Repenser sa relation au café

Durant l’ère industrielle, le café est devenu un élément essentiel de la culture ouvrière. Il a été largement promu comme un moyen d’aider les travailleurs à tenir la cadence dans un environnement de travail toujours plus exigeant. L’auteur américain Michael Pollan a décrit le café comme la « drogue qui lubrifie les rouages du capitalisme », mettant ainsi en évidence les bénéfices pour le patronat d’une boisson qui améliore la productivité et l’efficacité de main-d’œuvre.
La présence de la machine à café sur le lieu de travail est loin d’être anodine. Présentée comme un avantage consenti aux employés, elle s’avère plutôt être un moyen d’optimiser leurs capacités cognitives et, in fine, d’améliorer la rentabilité de l’entreprise.

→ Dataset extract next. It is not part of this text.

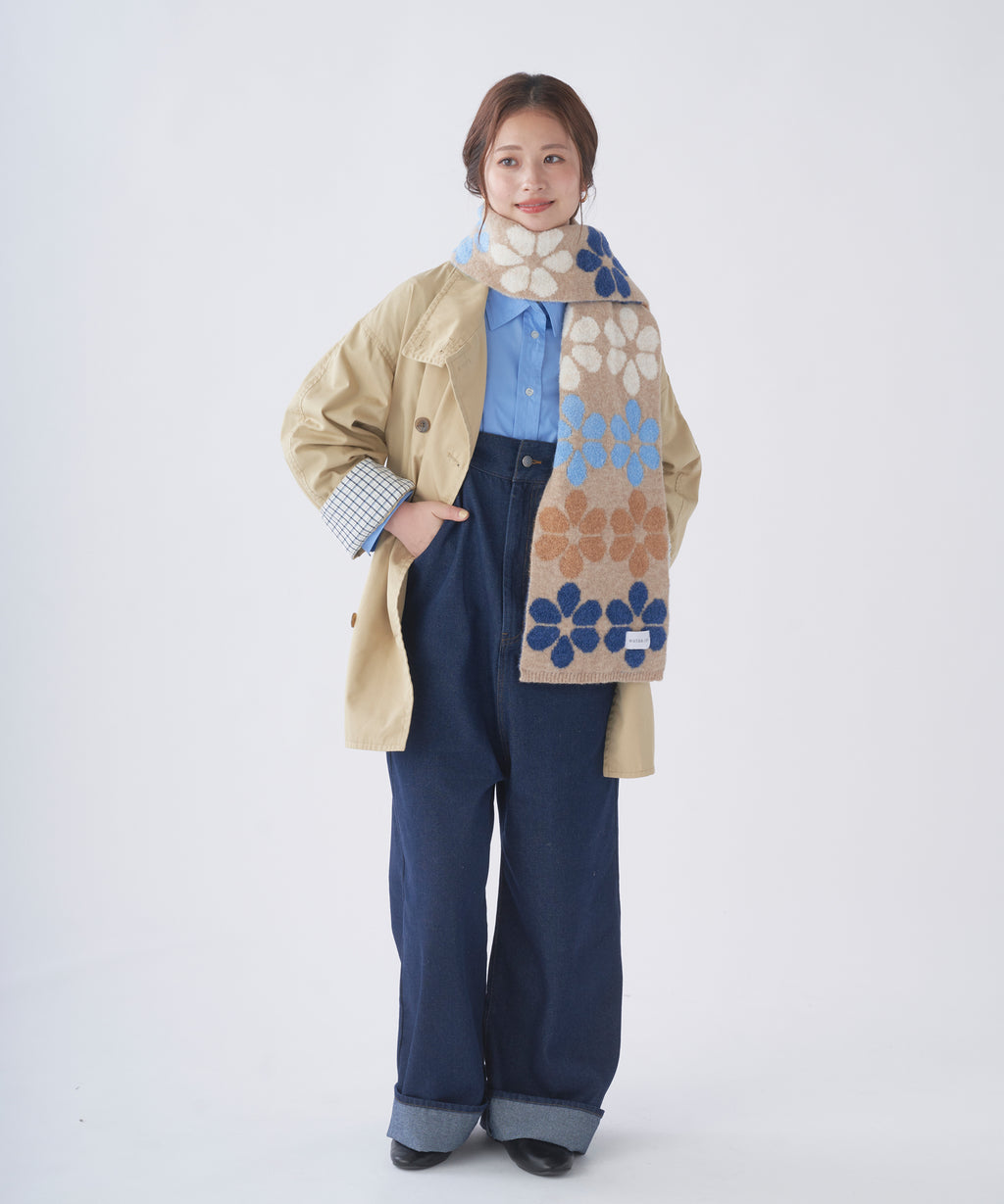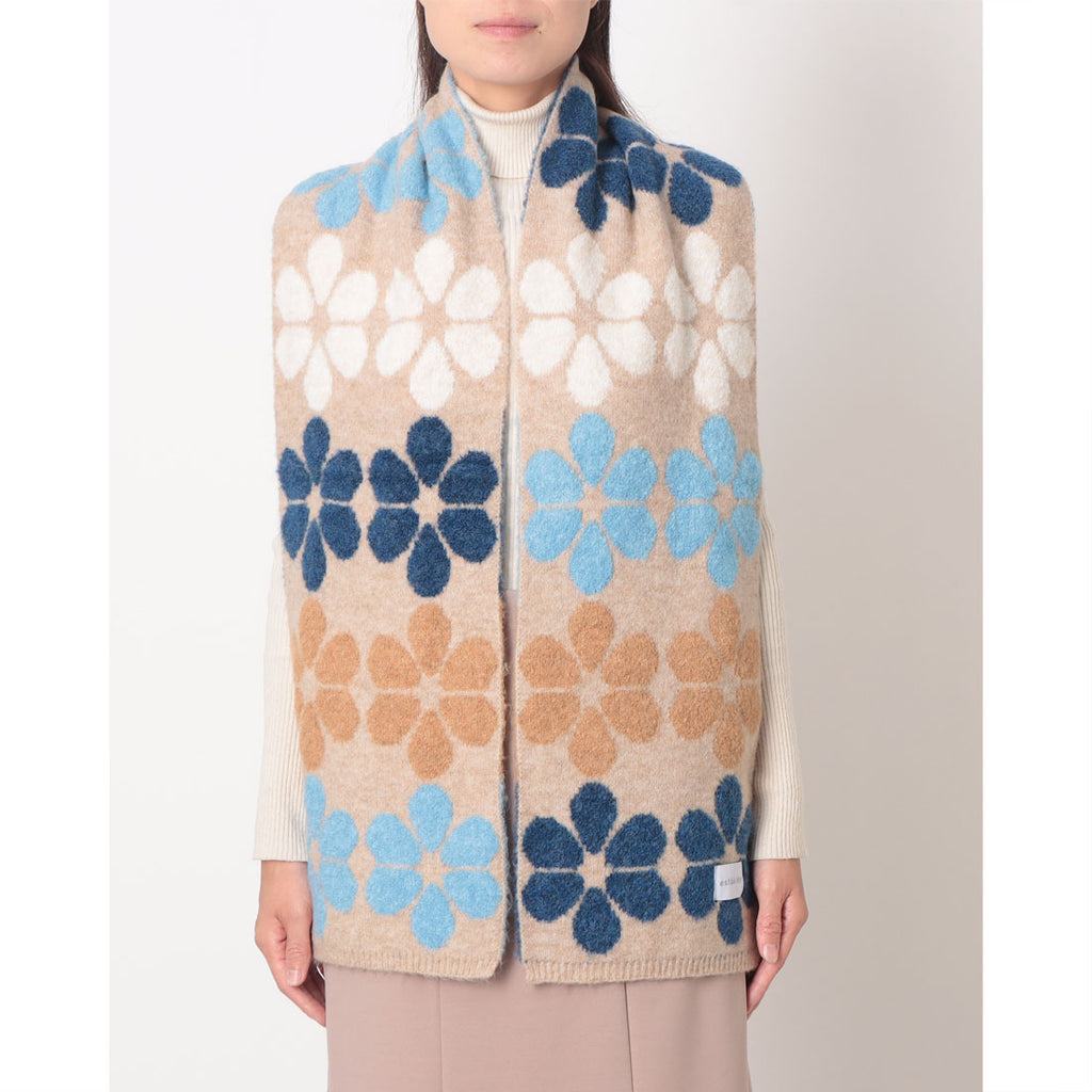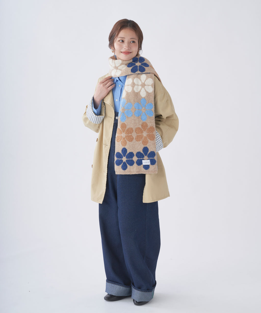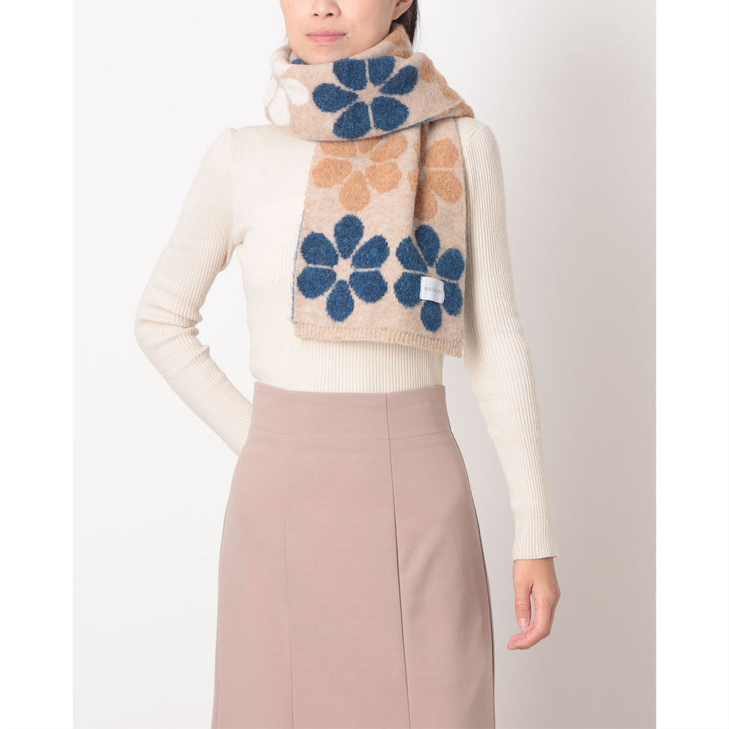 Estaa 【Washable】 Knit Scarf 24×160cm Flower Jacquard

Sans vouloir être cynique, il paraît toutefois judicieux d’interroger sa consommation de café et notamment d’évaluer sa dépendance : « Suis-je dans une consommation mécanique et systématique ? » ou « Suis-je capable de ne pas en prendre sans être HS ? ». Ces questions peuvent vous indiquer si votre consommation de café est devenue une nécessité plutôt qu’un plaisir.
Ensuite, il est important d’examiner son état de fatigue générale. Cela englobe l’évaluation de la qualité de son sommeil, de l’état de ses surrénales et de son état de stress. Si sur ces critères vous présentez une fragilité chronique, la consommation de café peut rapidement devenir un cercle vicieux dans lequel chaque tasse offre un sursis et creuse un déséquilibre encore plus profond. Ce qui va, tôt ou tard, inévitablement conduire à un effondrement physique ou psychologique.
Recourir à une forte consommation de café pour tenir la cadence dans le cadre d’une situation ponctuelle comme un examen ou une échéance professionnelle est parfaitement entendable. Par contre, être sous perfusion de café pour maintenir une situation chronique, intenable sans cette béquille, va certainement hypothéquer votre santé sur le long terme.

Finalement la seule question à se poser reste celle-ci : « Qui servez-vous en buvant ce café ? ». Vous et vos papilles ? Votre patron qui aura son dossier dans les temps ? Le capitaliste ?
Intégrer davantage de conscience dans notre consommation de caféine est incontestablement bénéfique. Cette période pourrait même être l’occasion parfaite pour repenser notre relation au café, invitant à une réflexion sur l’alignement de nos choix avec nos valeurs et besoins profonds.